Hadoop is only used as a filesystem.

On Thu, Mar 1, 2012 at 4:33 PM, Aditya Sarawgi <sa...@gmail.com> wrote:
> Hi,
>
> This does look interesting. Please give me some time to read up on stuff
> and evaluate if
> its feasible to implement psvm using BSP.
> Btw on the benchmarks page, its not clear if the tests are for hadoop or
> hama.
> Am I missing something ?
>
> Thanks
> Aditya Sarawgi
>
> On Thu, Mar 1, 2012 at 1:51 AM, Thomas Jungblut <tj...@apache.org>wrote:
>
>> Hi Aditya,
>>
>> I'm from the Apache Hama team, we are working on a BSP (Bulk Synchronous
>> Parallel) Engine.
>> BSP is quite like MPI, just with 2 primitives (barrier sync and message
>> send), I don't know if it is enough for your algorithm, but I would be very
>> interested in implementing it with BSP and Apache Hama.
>>
>> I have already implemented a k-means clustering with BSP [1] which is much
>> more faster than the MapReduce implementation [2].
>> I plan to contribute it over the next few months to Mahout, since I think
>> BSP is a missing part of large scale machine learning (currently I just see
>> MapReduce implementations everywhere), you would help to give Mahout
>> another good example of BSP and machine learning.
>> And it would of course help me to convince the Mahout team of the usage of
>> Apache Hama ;)
>>
>> If you are interested, I'd be glad to hear from you.
>>
>> Best regards,
>> Thomas
>>
>> [1]
>> https://github.com/thomasjungblut/thomasjungblut-common/blob/master/src/de/jungblut/clustering/KMeansBSP.java
>>
>> [2]  http://wiki.apache.org/hama/Benchmarks (scroll down a bit)
>>
>> Am 1. März 2012 06:31 schrieb Aditya Sarawgi <sa...@gmail.com>:
>>
>> Hello,
>>>
>>> I am looking to implement psvm for Mahout as a part of of my coursework.
>>> The reference paper is
>>> http://books.nips.cc/papers/files/nips20/NIPS2007_0435.pdf
>>> and there is a implementation over http://code.google.com/p/psvm/ which
>>> uses MPI.
>>> Any ideas, pointers are much appreciated.
>>>
>>> Thanks
>>> Aditya Sarawgi
>>>
>>
>>



-- 
Best Regards, Edward J. Yoon
@eddieyoon

Re: psvm

Posted by Aditya Sarawgi <sa...@gmail.com>.

Hi,

This does look interesting.
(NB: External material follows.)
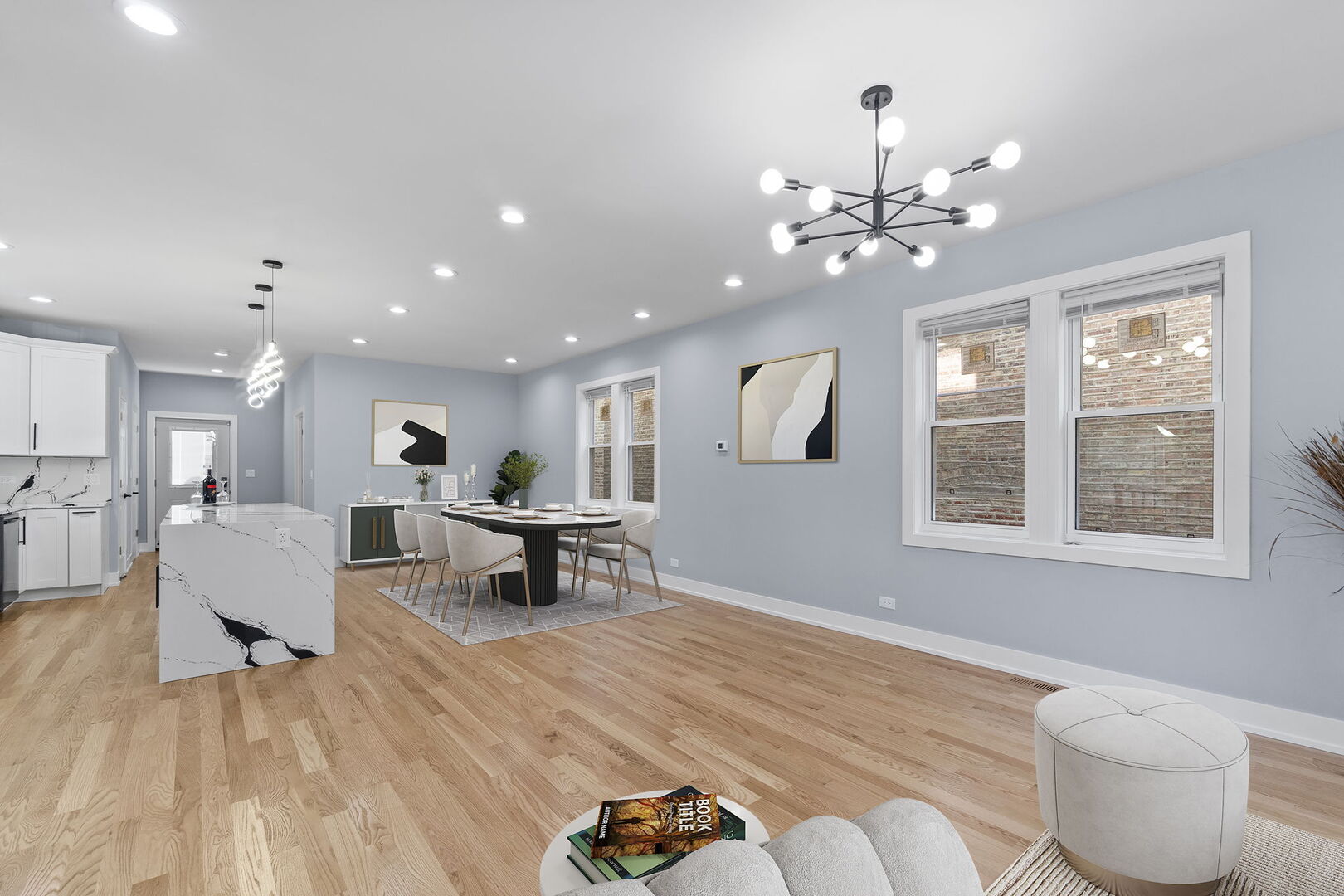 Beautiful New Construction in Austin! Welcome to this stunning 5-bedroom, 3.5-bathroom home that perfectly combines modern design, comfort, and functionality. This spacious residence new construction offers everything you’ve been looking for. The main level features an open-concept layout with a bright living room, dining area, and a chef-inspired kitchen complete with white cabinets, quartz countertops, and sleek black stainless-steel appliances. A guest half bath and office space complete this level – perfect for remote work or study. Upstairs, you’ll find three spacious bedrooms, including a luxurious master suite, a separate full bath, and a convenient laundry area with washer and dryer. The high-ceiling lower level adds even more living space, featuring two additional bedrooms and a large family room that feels just like the main floor – perfect for movie nights, kids’ playtime, or hosting extended family. Sitting on a 5,961 sq. ft. lot, this home offers a generous backyard – perfect for barbecues, family events, and summer fun – along with a brand-new 2-car garage. Located in a rapidly developing area of North Austin, this home is within one mile of Oak Park and the Green Line, and just 25 minutes from Downtown Chicago, providing easy access to shopping, dining, and transportation. Don’t miss the opportunity to own this beautiful new construction in one of Chicago’s fastest-growing neighborhoods

Please give me some time to read up on stuff
and evaluate if
its feasible to implement psvm using BSP.
Btw on the benchmarks page, its not clear if the tests are for hadoop or
hama.
Am I missing something ?

Thanks
Aditya Sarawgi

On Thu, Mar 1, 2012 at 1:51 AM, Thomas Jungblut <tj...@apache.org>wrote:

> Hi Aditya,
>
> I'm from the Apache Hama team, we are working on a BSP (Bulk Synchronous
> Parallel) Engine.
> BSP is quite like MPI, just with 2 primitives (barrier sync and message
> send), I don't know if it is enough for your algorithm, but I would be very
> interested in implementing it with BSP and Apache Hama.
>
> I have already implemented a k-means clustering with BSP [1] which is much
> more faster than the MapReduce implementation [2].
> I plan to contribute it over the next few months to Mahout, since I think
> BSP is a missing part of large scale machine learning (currently I just see
> MapReduce implementations everywhere), you would help to give Mahout
> another good example of BSP and machine learning.
> And it would of course help me to convince the Mahout team of the usage of
> Apache Hama ;)
>
> If you are interested, I'd be glad to hear from you.
>
> Best regards,
> Thomas
>
> [1]
> https://github.com/thomasjungblut/thomasjungblut-common/blob/master/src/de/jungblut/clustering/KMeansBSP.java
>
> [2]  http://wiki.apache.org/hama/Benchmarks (scroll down a bit)
>
> Am 1. März 2012 06:31 schrieb Aditya Sarawgi <sa...@gmail.com>:
>
> Hello,
>>
>> I am looking to implement psvm for Mahout as a part of of my coursework.
>> The reference paper is
>> http://books.nips.cc/papers/files/nips20/NIPS2007_0435.pdf
>> and there is a implementation over http://code.google.com/p/psvm/ which
>> uses MPI.
>> Any ideas, pointers are much appreciated.
>>
>> Thanks
>> Aditya Sarawgi
>>
>
>

Re: psvm

Posted by Thomas Jungblut <tj...@apache.org>.

Hi Aditya,

I'm from the Apache Hama team, we are working on a BSP (Bulk Synchronous
Parallel) Engine.
BSP is quite like MPI, just with 2 primitives (barrier sync and message
send), I don't know if it is enough for your algorithm, but I would be very
interested in implementing it with BSP and Apache Hama.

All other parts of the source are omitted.